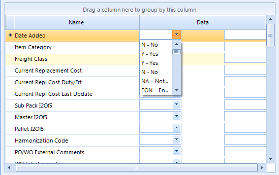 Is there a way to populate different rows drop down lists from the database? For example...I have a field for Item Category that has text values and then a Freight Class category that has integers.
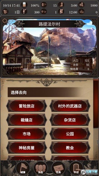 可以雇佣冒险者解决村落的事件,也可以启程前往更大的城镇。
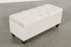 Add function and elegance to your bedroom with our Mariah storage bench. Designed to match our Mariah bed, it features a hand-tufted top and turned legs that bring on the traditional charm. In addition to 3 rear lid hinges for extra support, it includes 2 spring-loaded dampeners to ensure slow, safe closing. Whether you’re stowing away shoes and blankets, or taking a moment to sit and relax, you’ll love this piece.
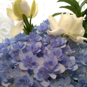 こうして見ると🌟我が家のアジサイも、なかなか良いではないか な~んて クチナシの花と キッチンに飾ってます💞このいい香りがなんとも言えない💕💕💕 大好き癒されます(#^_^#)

---

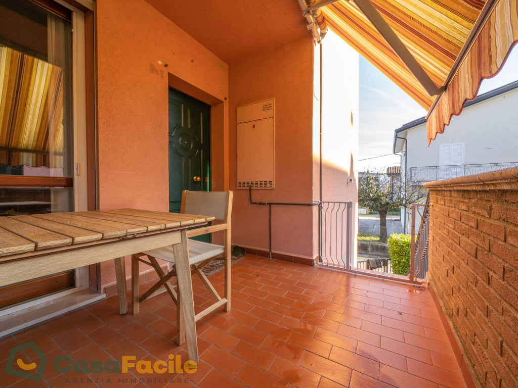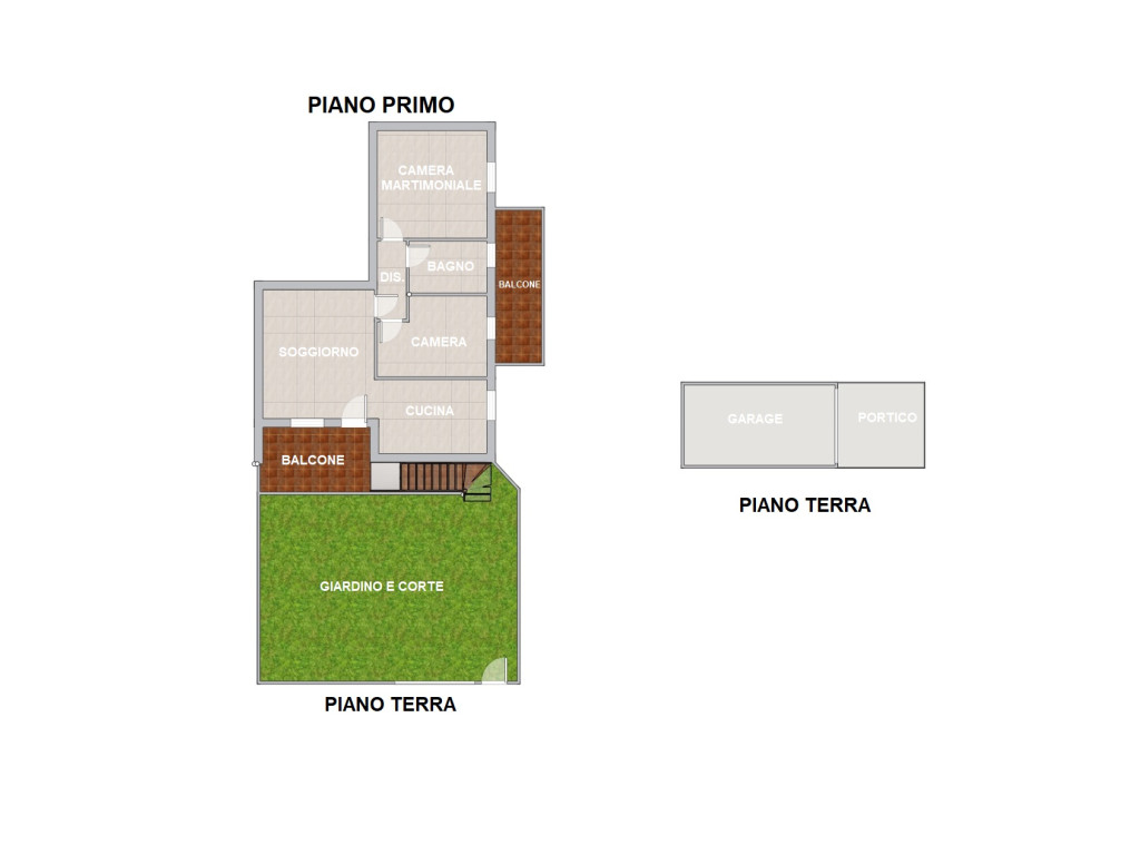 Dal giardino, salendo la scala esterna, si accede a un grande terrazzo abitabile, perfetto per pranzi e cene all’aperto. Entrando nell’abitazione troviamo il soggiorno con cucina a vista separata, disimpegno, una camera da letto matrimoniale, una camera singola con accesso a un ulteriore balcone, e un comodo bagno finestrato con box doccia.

▸ Exercise directions: Above are some records. Output exactly the lines from the one that contains "Add function and" to the one that contains "こうして見ると🌟我が家のアジサイも、なかなか良いではないか な~んて クチナシの花と", keeping both, and omit the pictures.

▸ Answer for the task:
 Add function and elegance to your bedroom with our Mariah storage bench. Designed to match our Mariah bed, it features a hand-tufted top and turned legs that bring on the traditional charm. In addition to 3 rear lid hinges for extra support, it includes 2 spring-loaded dampeners to ensure slow, safe closing. Whether you’re stowing away shoes and blankets, or taking a moment to sit and relax, you’ll love this piece.
 こうして見ると🌟我が家のアジサイも、なかなか良いではないか な~んて クチナシの花と キッチンに飾ってます💞このいい香りがなんとも言えない💕💕💕 大好き癒されます(#^_^#)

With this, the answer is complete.